By Sheikh Abdullah Adhami
By getting married you are not just getting a wife; you are getting your whole world. From now until the
rest of your days your wife will be your partner, your companion, and your best friend.She will share your moments, your days, and your years. She will share your joys and sorrows, your
successes and failures, your dreams and your fears. When you are ill, she will take the best care of you;
when you need help, she will do all she can for you. When you have a secret, she will keep it when you
need advice, she will give you the best advice. The best description that I personally have ever read
describing the closeness of the spouses to each other is the Qur'anic verse which says:
"They are your garments and you are their garments" (Surah Al Baqarah 2:187)

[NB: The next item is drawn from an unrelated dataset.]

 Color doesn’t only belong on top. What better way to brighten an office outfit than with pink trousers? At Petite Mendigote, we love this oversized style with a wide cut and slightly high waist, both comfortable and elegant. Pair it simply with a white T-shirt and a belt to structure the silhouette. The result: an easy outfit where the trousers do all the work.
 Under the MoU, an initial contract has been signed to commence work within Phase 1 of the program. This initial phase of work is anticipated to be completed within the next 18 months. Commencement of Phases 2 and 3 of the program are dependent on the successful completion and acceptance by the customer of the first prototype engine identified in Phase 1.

Indeed, spouses are like garments to each other because they provide one another with the protection,
the comfort, the cover, the support, and the adornment that garments provide to humans. Just imagine
a journey in the winter of Alaska without garments! Our spouses provide us with the same level of comfort,
protection, cover, and support in the journey of our lives on this earth as garments would do in the Alaskan
journey.
The relationship between the spouses is the most amazing of all human relations: the amount of love and
affection, intimacy and closeness, mercy and compassion, peace and tranquility that fills the hearts of the
spouses is simply inexplicable. The only rational explanation for these most amazing of all human feelings
is that: it is an act of Allah (s.w.t),
"And Allah has made for you Mates (and Companions of your own nature..."
(Surah Al Nahl 16:72)
Only the Almighty Allah s.w.t., in His Infinite Power, Boundless Mercy, and Great Wisdom can create and
ingrain these amazing and blessed feelings in the hearts of the spouses. In fact Allah s.w.t., is reminding
those who search for His signs in the universe that these feelings in the hearts of the spouses are among
the signs that should guide humans to His existence as He says in the Qur'an:
"And among His signs is this, that He created for you mates from among yourselves that you may
dwell in tranquility with them and He has put love and mercy between your hearts:verily in that
are signs for those who reflect." (Surah Al Rum 30:21)

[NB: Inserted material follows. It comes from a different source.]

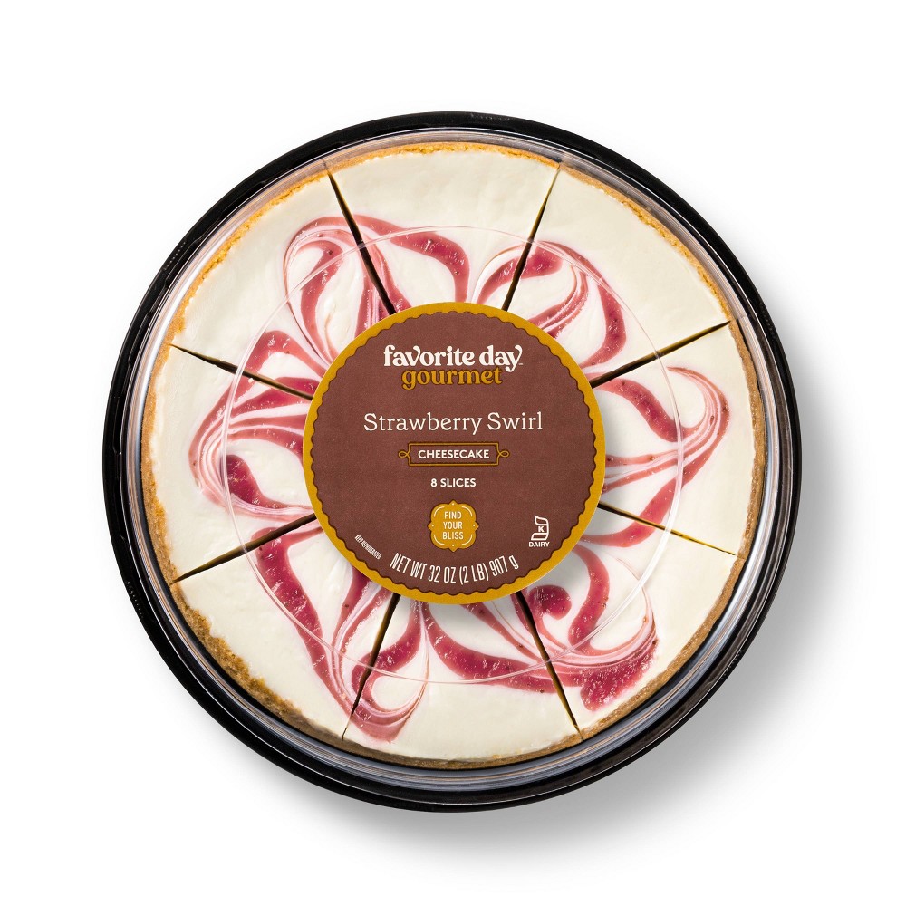 Sweeten up your day when you enjoy a slice of Strawberry Swirl Cheesecake from Favorite Day™. This cheesecake serves up eight slices, giving you plenty to share or to treat yourself over multiple days. A classic vanilla cheesecake is taken to the next level with a deliciously sweet strawberry swirl throughout and a delicious, crumbly graham cracker crust for a dessert that's sure to delight. Delightful on its own, you can easily take this cheesecake to the next level by topping with cut-up strawberries or a drizzle of chocolate sauce. A little bliss in every bite. Guaranteed to be a favorite or your money back.

But Allah s.w.t., knows that the human heart is not a static entity, it is sometimes weak and at times
dynamic. Feelings can and do change with time. Love may wither and fade away. The marital bond might
weaken if not properly cared for. Happiness in marriage cannot be taken for granted; continuous happiness
requires constant giving from both sides. For the tree of marital love to remain alive and keep growing, the
soil has to be sustained, maintained, watered and nurtured. Remember that you will be rewarded by Allah
s.w.t., for any emotions you show to your wife as the Prophet(s) said :
"One would be rewarded for anything that he does seeking the pleasure of Allah even the food
that he puts in the mouth of his wife".
Never underestimate the importance of seemingly little things as putting food in your wife's mouth, opening
the car's door for her, etc. Remember that the Prophet(s) used to extend his knee to his wife to assist her
up to ride the camel.
Try to always find some time for both of you to pray together. Strengthening the bond between you and
Allah s.w.t., is the best guarantee that your own marital bond would always remain strong. Having peace
with Allah s.w.t., will always result in having more peace at home. Remember that the Prophet(s) gave glad
tidings for those couples that wake up at night to pray together. The Prophet(s) even urged the spouse who
rises up first to wake the other spouse up even by throwing cold water on his/her face.

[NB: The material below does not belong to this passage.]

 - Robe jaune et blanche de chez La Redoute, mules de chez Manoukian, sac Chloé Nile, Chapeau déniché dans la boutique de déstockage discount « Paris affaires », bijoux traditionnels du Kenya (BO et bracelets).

Always try your best to be good to your wife by words and by deeds. Talk to her, smile to her, seek her
advice, ask for her opinion, spend quality time with her and always remember that the Prophet(s) said:
"The best of you are those who are best to their wives"
Finally, it is common that spouses vow to love and honor their spouses until death do them part. I do believe
that this vow is good or even great, but not enough! It is not enough that you love your wife. You have to love
what she loves as well. Her family, her loved ones must also become your loved ones.